La France, un des rares pays à avoir présenté une stratégie nationale sur la biodiversité, est-elle en retard ?
La France se dote d’objectifs forts pour essayer de redonner sa place à la nature et enrayer le déclin des espèces, mais le volet financier est très souvent sous-estimé et on ne se donne pas les moyens d’atteindre lesdits objectifs. Trois grandes politiques publiques avaient pour ambition d’inverser la tendance du déclin du vivant : la tarification de l’eau, le Fonds vert et le Zéro Artificialisation Nette (ZAN). La première, au cœur du projet de loi de finances 2024, devait instaurer le principe du préleveur-payeur : plus on consomme d’eau, plus on paie. L’agriculture était dans le viseur (notamment les grands céréaliers qui destinent leur production au bétail), car c’est l’une des causes clairement établie de l’effondrement de la biodiversité. Mais cette mesure a été suspendue lors de la crise agricole. Le Fonds vert, crée il y a deux ans, devait permettre aux collectivités d’accélérer, entre autres, la renaturation et la restauration de leur territoire. Dotée initialement de 2 milliards d’euros, l’enveloppe avait été relevée à 2,5 milliards parce que la demande était très forte. Mais fin août, les lettres plafonds du gouvernement démissionnaire prévoyaient de diviser par deux les moyens de ce Fonds [une réduction de 1,5 milliard d’euros révélait Contexte, ndlr] pour de pures raisons budgétaires et comptables.

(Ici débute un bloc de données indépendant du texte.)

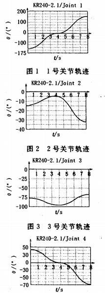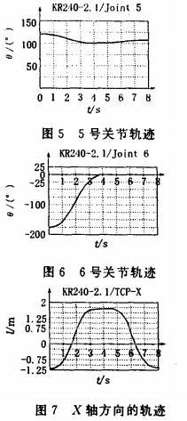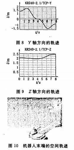 本文以KUKA240—2型搬运机器人为研究对象,对机器人的运动采用DELMIA/IGRIP进行了分析,得到机器人各关节的轨迹,如图1~图6所示,机器人末端的运动轨迹,如图7~图9所示,机器人末端的空间轨迹如图10所示。
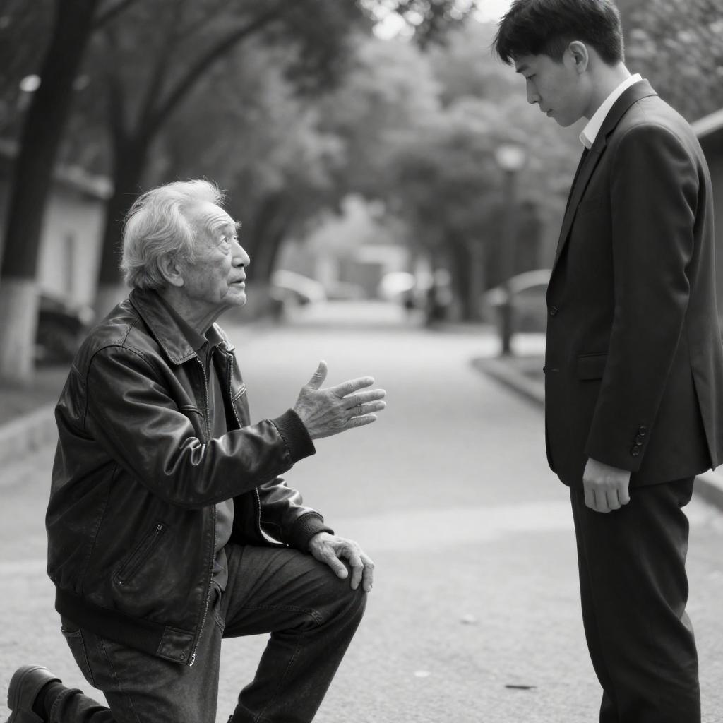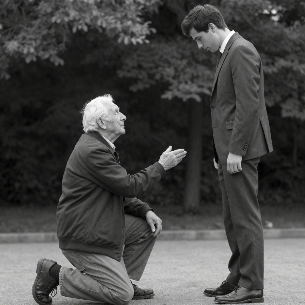 Black-and-White Elderly Man Conversation Scene
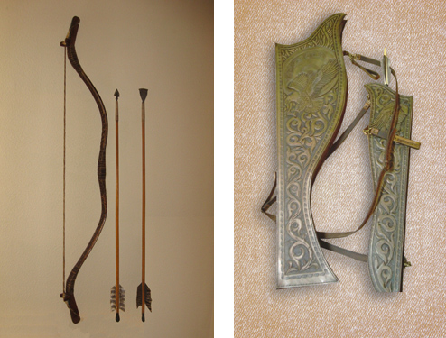 Основным метательным оружием были лук и стрелы. Боевой лук собирался из нескольких частей, изготовленных из различных материалов: дерева, кости, рога, бересты, сухожилий и кожи. Наконечники стрел имели различную форму: четырехгранные, которые могли пробить любой щит и деревянные цилиндрические, применяемые для сбивания человека с коня. Колчан для ношения стрел назывался "корамсак", отдельный футляр для лука - "садак". Этим же термином обозначался весь набор с налучем, колчаном и портупеей для их ношения.
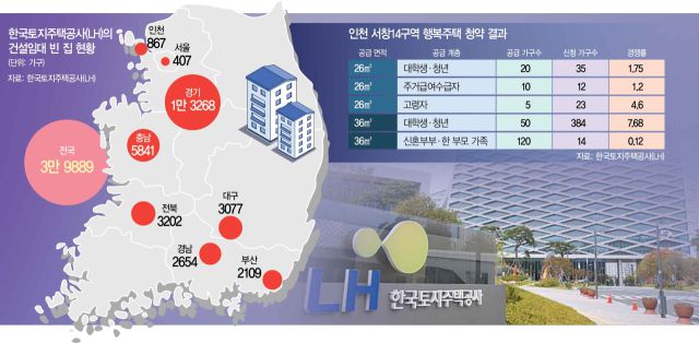 1일 LH에 따르면 LH가 관리 중인 전국 건설임대 주택 98만 2867가구 가운데 6개월 이상 임차인을 찾지 못한 주택이 3만 9889가구에 달하는 것으로 나타났다. 경기도에서만 빈집이 1만 3268가구에 달한 가운데 서울(407가구)과 인천(867가구) 등에서도 빈집이 수백 채 존재했다. 또 충남(5841가구), 전북(3202가구), 경남(2654가구), 경북(2150가구), 부산(2109가구) 등에서 빈집이 수천 가구 규모로 집계됐다.
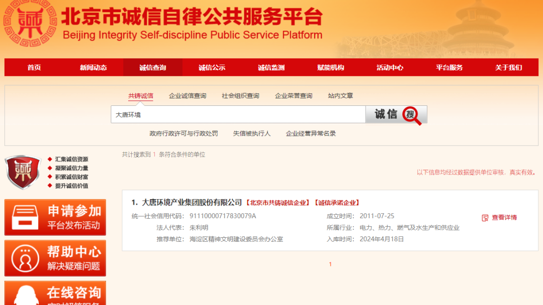 本網(wǎng)訊?近日,北京市共鑄誠信活動領導小組辦公室公布了2023年度“北京市誠信共鑄企業(yè)”入庫名單,大唐環(huán)境產業(yè)集團股份有限公司等1433家企業(yè)進入“北京市共鑄誠信企業(yè)名錄庫”。
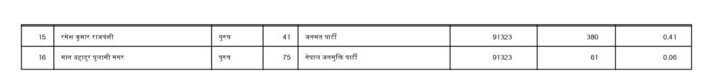 त्यस्तै क्षेत्र नं २ मा राप्रपाका भद्रप्रसाद नेपाल(स्वागत) , श्रम संस्कृति पार्टीका केशवकुमार भण्डारी , नेकपाकी धर्मशीला चापागाँईसहित १६ जना उम्मेदवारको जमानत जफत भएको छ ।
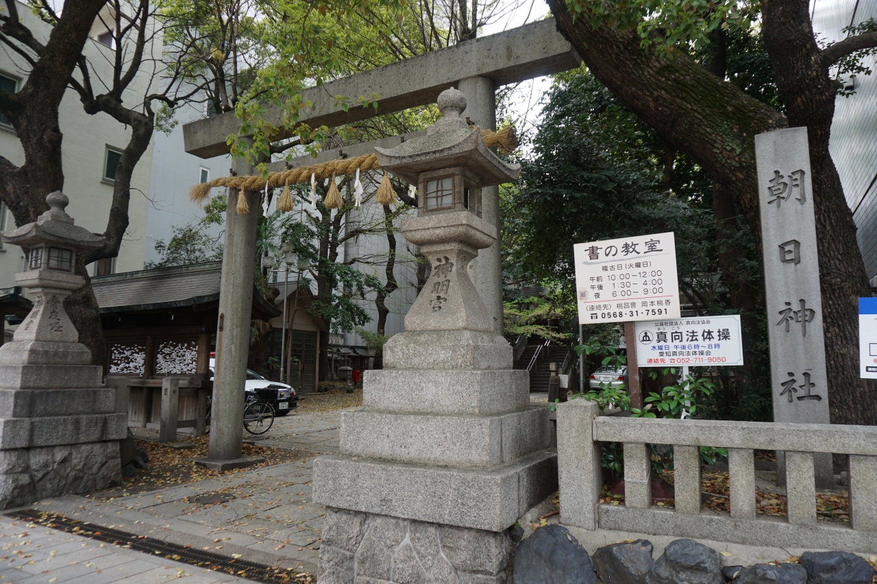 朝日神社は、栄広小路通り沿い。都会の真ん中なのですが、境内はそれなりに広くて、本殿の辺りとか木々に囲まれて薄暗くなっています。
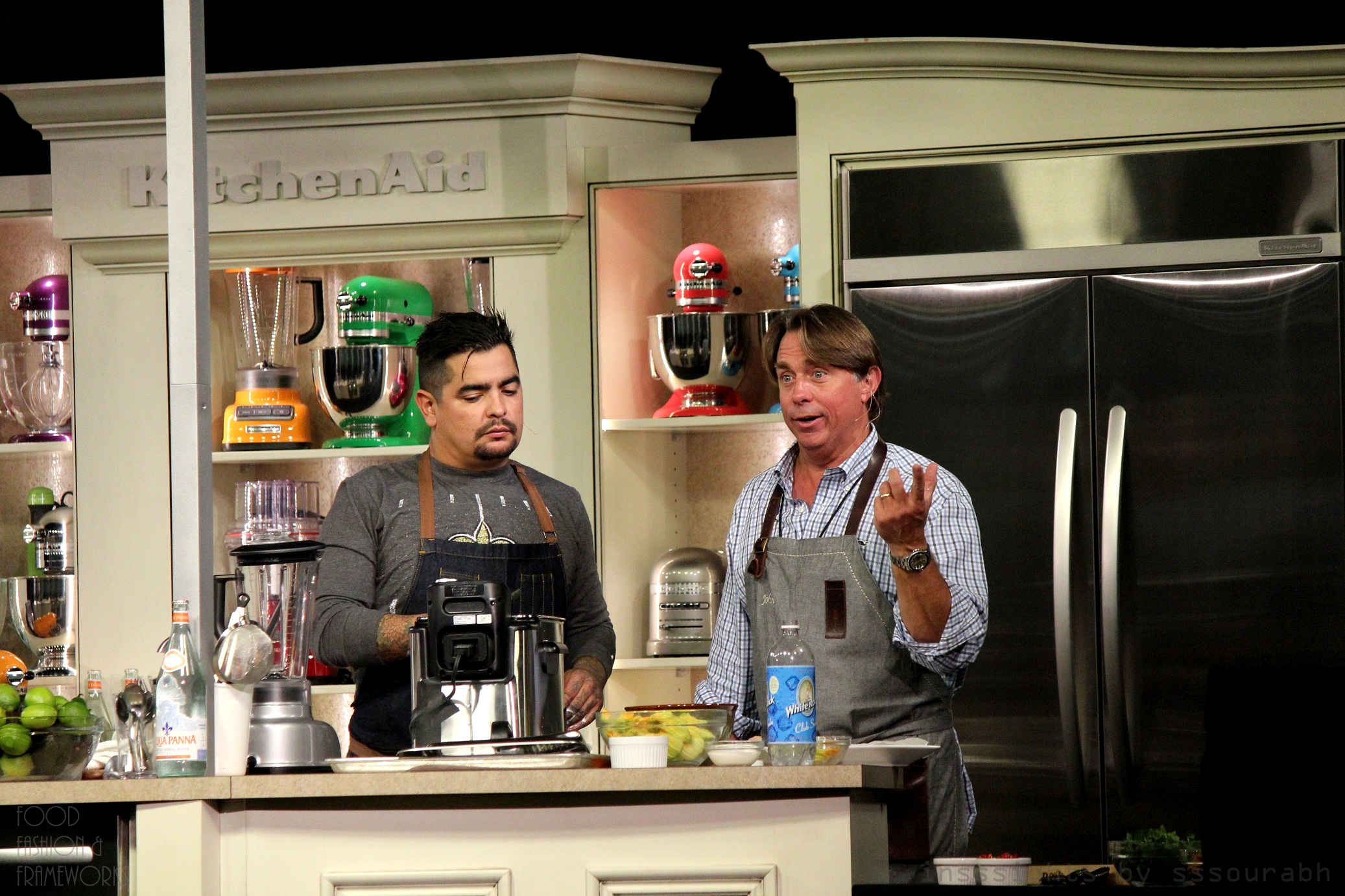 John Besh and Aaron Sanchez concluded with anecdotes from a spice tour, playfully bringing their bromantic chemistry to life while cooking up a concoction that was easily forgotten owing to their jokes about married men!

Le troisième volet, le plus connu et le plus clivant, c’est le ZAN. L’objectif est d’atteindre un équilibre entre les surfaces artificialisées et celles qui seront renaturées d’ici 2050. Pour les collectivités, c’est très contraignant dans leur schéma d’aménagement. Donc, soit on trouvait les moyens de financer les efforts de restauration, soit on rabotait complètement les objectifs. L’an dernier, une première loi a mis quelques coups de canif dans l’ambition initiale, en octroyant à toutes les communes un «droit à construire» d’au moins un hectare, et en sortant les projets d’intérêt général du ZAN. Lors de sa déclaration de politique générale, Michel Barnier a également évoqué une nouvelle adaptation du ZAN.
Pourquoi la biodiversité devrait-elle être une priorité des politiques publiques ?
Plus on perd du temps, plus il sera difficile de régler le problème. On oppose souvent des problématiques économiques aux enjeux de biodiversité. Mais le business model des entreprises repose sur la nature : 72 % de celles de la zone euro dépendent d’un service écosystémique ! Si on continue de détruire les zones humides, les espaces naturels et les espèces qui y vivent, l’économie aussi va en pâtir !
D’autant plus que les politiques dédiées fonctionnent.
Au niveau local, on constate assez rapidement l’efficacité d’une restauration. Par exemple, en supprimant des obstacles sur un cours d’eau et en lui redonnant sa morphologie naturelle, sinueuse, des effets positifs sur la faune et la flore se font sentir en cinq à dix ans à peine ! D’où l’intérêt de soutenir les collectivités, à commencer par les régions, pour que les citoyens puissent percevoir tous les bénéfices de la restauration.